Longest increasing subsequence, but with fenwick tree
Where numbers can be non unique, positive, negative and up to +/- 2^31
Hi tried a lot, and it should work. But its slow. I know that segment trees are supposed to give the O(Nlog N ) solution, but trying fenwick tree anyways.

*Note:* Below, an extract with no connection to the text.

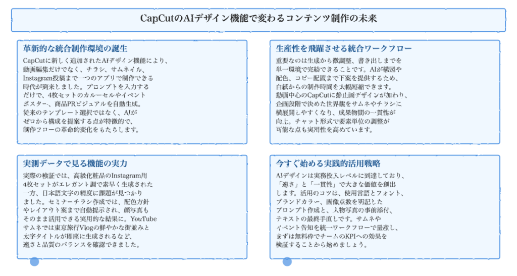 2025年10月16日に発見されたCapCutの新機能「AIデザイン」は、動画編集アプリが総合的なクリエイティブプラットフォームへと進化する大きな一歩となりました。本記事では、Instagram投稿、セミナーチラシ、YouTubeサムネイルなど、実際に様々なデザインを生成してみた体験を詳しくお伝えしました。現時点では日本語の精度や顔写真の再現性など、いくつかの課題が残されていますが、それでもこの機能が持つ可能性は計り知れません。一つのアプリで動画編集から画像生成まで完結できるという利便性は、コンテンツクリエイターにとって大きな価値があります。無料で使える今のうちに、ぜひ実際に触れてみて、自分なりの活用法を見つけていただきたいと思います。AIとクリエイターが協働する新しい時代において、CapCutのようなツールは私たちの創造性を解放し、これまで以上に多様で魅力的なコンテンツを生み出す手助けをしてくれるでしょう。技術は日々進化していますので、今後のアップデートにも注目しながら、この革新的な機能を最大限に活用していきましょう。

Taking into account fenwick dont start at 0, by adding really small dummy value at beginning. Using check to see if same value is encountered before in LIS chain - must be strictly increasing.
Thanks for help
class FenwickTree:
def __init__(self, n):
self.n = n
self.tree = [0] * (n + 1)
self.idx = [0] * (n + 1)
def update(self, indexInp, value):
index = indexInp
while index <= self.n:
#Previous should be as close as possible
if(value > self.tree[index] ):
self.idx[index] = indexInp
self.tree[index] = max(self.tree[index], value)
index += index & -index
def query(self, inpIndex):
result = 0
index = inpIndex
idx = self.idx[index]
while index > 0:
#As close as possible
if(self.tree[index] > result ):
idx = self.idx[index]
result = self.tree[index]
index -= index & -index
return result, idx
def longest_increasing_subsequence_indices(values):
#never considered a value smaller than all elements
values.insert(0,min(min(values),0)-2)
N = len(values)+1
enumerated_list = list(enumerate(values))
# Sort the enumerated list based on the elements (second element of each tuple)
sorted_enumerated_list = sorted(enumerated_list, key=lambda x: x[1])
# Extract the sorted elements and new indices
sorted_elements = [element for _, element in sorted_enumerated_list]
new_indices = [index for index, _ in sorted_enumerated_list]
A = [0] * (N+1)
pre = [-1] * (N+1)
ele = [-1] * (N+1)
fenwick_tree = FenwickTree(N+1)
for i in range(1,N):
fenwick_tree.update(i,0)
pre[i] = i
lastIdx = 0
largest = 0
#For all values in list
for val in range(1,len(values)):
i = new_indices[val]
#Assume no value is equal to 0
if i-1 >= 0:
# All values less, that is to the left, for this i
A[i],idx = fenwick_tree.query(i-1)
pathI = idx
alreadyFound = False
#Check if path already contains this values. That is this value, and all in previous
#best chain
while (alreadyFound == False) and (pre[pathI] != pathI) and (pre[pathI] != -1):
if(ele[pathI] != None and values[i] == values[pathI]):
alreadyFound = True
elif(ele[pathI] != None ):
pathI = pre[pathI]
#Guarantees that only unique elements are in the sequence
if(alreadyFound):
continue
A[i] = A[i] + 1
fenwick_tree.update(i,A[i])
pre[i] = idx
ele[i] = i
if A[i] > largest:
largest = A[i]
lastIdx = i
indicies = []
while pre[lastIdx] != lastIdx and pre[lastIdx] != -1:
if(ele[lastIdx] != None):
indicies.append(ele[lastIdx]-1)
lastIdx = pre[lastIdx]
indicies.reverse()
return indicies
def main():
try:
while True:
n = int(input())
seq = list(map(int, input().split(" ")))
lis_indices = longest_increasing_subsequence_indices(seq)
print(len(lis_indices))
print(" ".join(map(str, lis_indices)))
except EOFError:
pass
if __name__ == "__main__":
main()
A fenwick tree should provide a fast O(n log n) solution for this problem.
I'm not sure what you're trying to do with alreadyFound, but dealing with duplicates in the array is much easier than that.
You've sorted the indexes by value, so all the indexes for the same value are grouped together in your iteration. For each group with the same value, just query all their max-left sequences first, and then add them all to the Fenwick tree.